Tsunade berjalan menuju kamarnya, menjatuhkan tubuhnya di atas tempat tidur, merebahkan diri, memandang langit-langit kamar dengan pandangan kosongnya. 'Hmm..., kira-kira apa yang kakak-kakakku lakukan sekarang?'
Terbayang bagaimana kedua kakaknya menebas musuh dengan lincahnya, lalu mengeluarkan jutsu katon yang sudah lama mereka kuasai. 'Mereka pasti sagat hebat!'
Tapi, bagaimana jika ada musuh yang melukai mereka? Bagaimana jika ada musuh yang tiba-tiba menebas mereka? Bagaimana jika mereka akhirnya meninggal? Karena bagaimana pun, kedua kakaknya masih tergolong anak-anak. 'Ya Tuhan, lindungilah keluargaku!' batin Tsunade sedih.
"Tsunade! Ini ochamu!" Teriak ibunya sambil mengetuk pintu kamar.
"Ya, ibu!" Tsunade bangkit lalu membuka pintu kamarnya.
"Aromanya harum, kan? Ibu baru saja menambahkan aroma melati, lho!" Ujar sang ibu.
"Iya," sahut Tsunade.
Sang ibu menunduk memandang wajah putrinya yang masih saja tampak mendung itu.

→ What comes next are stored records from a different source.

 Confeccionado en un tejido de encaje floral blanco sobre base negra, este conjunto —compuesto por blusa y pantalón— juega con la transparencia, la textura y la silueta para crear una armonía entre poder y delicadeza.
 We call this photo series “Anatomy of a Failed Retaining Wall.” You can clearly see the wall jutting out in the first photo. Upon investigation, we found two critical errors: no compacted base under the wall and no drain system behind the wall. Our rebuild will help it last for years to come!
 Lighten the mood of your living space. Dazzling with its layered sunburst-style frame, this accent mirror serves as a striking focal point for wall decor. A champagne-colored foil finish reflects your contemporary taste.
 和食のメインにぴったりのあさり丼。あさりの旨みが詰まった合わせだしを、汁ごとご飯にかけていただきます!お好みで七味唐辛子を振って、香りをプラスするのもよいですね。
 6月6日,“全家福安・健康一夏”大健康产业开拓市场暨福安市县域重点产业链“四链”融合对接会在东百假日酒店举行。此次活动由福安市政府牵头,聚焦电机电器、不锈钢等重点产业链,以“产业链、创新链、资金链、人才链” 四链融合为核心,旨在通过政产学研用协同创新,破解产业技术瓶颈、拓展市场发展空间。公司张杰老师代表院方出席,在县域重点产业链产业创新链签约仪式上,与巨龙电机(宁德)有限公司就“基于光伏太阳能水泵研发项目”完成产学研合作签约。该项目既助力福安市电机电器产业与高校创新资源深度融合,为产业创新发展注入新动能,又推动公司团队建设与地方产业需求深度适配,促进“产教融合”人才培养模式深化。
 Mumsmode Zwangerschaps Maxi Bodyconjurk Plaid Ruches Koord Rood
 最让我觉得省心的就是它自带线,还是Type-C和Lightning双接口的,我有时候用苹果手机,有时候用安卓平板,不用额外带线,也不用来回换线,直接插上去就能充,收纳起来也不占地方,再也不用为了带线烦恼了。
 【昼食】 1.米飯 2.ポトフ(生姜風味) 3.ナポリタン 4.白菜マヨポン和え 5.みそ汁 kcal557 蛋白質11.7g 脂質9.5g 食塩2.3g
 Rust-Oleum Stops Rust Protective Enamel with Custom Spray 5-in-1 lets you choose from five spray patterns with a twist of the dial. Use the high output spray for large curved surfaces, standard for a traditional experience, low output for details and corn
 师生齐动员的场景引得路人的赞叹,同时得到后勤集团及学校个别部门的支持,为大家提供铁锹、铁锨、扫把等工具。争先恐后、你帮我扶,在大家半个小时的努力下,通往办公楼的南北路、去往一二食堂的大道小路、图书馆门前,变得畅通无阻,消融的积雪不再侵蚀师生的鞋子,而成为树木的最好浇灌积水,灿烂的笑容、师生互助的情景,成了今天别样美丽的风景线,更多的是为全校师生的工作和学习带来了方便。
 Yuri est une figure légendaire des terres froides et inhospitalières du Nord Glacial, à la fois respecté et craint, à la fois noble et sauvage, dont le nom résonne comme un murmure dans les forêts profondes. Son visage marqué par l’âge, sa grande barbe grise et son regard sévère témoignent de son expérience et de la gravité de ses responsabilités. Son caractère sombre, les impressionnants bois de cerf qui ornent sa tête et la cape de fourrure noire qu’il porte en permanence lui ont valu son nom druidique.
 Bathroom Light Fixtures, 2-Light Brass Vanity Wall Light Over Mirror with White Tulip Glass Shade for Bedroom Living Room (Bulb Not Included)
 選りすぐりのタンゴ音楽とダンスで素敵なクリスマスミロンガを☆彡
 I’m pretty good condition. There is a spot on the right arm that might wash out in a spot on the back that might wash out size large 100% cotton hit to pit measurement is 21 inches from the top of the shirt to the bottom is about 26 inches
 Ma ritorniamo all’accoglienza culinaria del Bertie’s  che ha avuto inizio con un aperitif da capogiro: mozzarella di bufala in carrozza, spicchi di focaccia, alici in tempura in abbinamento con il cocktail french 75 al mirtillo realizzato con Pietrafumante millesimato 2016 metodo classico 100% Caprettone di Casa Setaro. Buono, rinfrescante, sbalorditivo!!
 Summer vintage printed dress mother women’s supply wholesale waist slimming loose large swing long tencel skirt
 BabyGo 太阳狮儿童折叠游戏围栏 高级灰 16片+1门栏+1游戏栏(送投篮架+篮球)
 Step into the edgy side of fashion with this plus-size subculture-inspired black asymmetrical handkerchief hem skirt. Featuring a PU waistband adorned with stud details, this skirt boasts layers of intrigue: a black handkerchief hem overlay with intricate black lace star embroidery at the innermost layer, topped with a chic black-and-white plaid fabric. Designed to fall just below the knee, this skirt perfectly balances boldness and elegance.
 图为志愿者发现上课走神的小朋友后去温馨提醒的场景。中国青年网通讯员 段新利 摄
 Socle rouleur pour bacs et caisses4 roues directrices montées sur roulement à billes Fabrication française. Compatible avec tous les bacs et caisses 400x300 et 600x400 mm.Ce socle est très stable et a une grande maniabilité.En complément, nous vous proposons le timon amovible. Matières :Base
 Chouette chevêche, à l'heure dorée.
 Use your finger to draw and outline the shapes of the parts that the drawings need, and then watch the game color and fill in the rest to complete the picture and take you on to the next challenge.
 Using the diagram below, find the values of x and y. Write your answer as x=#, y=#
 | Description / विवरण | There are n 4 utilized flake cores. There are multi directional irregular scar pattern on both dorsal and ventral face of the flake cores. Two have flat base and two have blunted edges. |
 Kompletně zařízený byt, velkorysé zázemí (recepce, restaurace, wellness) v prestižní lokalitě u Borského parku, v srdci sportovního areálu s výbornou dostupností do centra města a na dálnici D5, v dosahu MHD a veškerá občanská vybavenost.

"Tsunade," panggil si ibu dengan lirih, lalu menekuk lututnya hingga wajahnya sejajar dengan wajah Tsunade. Tangannya yang lembut menyapu pipi anak gadisnya itu.
"Ibu tahu persaanmu. Ibu paham perasaanmu. Karena, ibu sekarang juga merasakannya. Tapi, selalu mengkhawatirkan seperti ini tidak akan membantu mereka. Karena itu, kau harus percaya pada mereka, ya?"
Tsunade mengangkat muka.
"Lagipula, kau sudah dengar kalau ayahmu akan melindungi mereka berdua, kan?"
Tsunade mengangguk pelan, lalu sang ibu pun tersenyum.
"Sekarang minumlah ocha spesial ini, lalu tidurlah," ujar sang ibu sambil mengulurkan ocha hangat itu pada Tsunade.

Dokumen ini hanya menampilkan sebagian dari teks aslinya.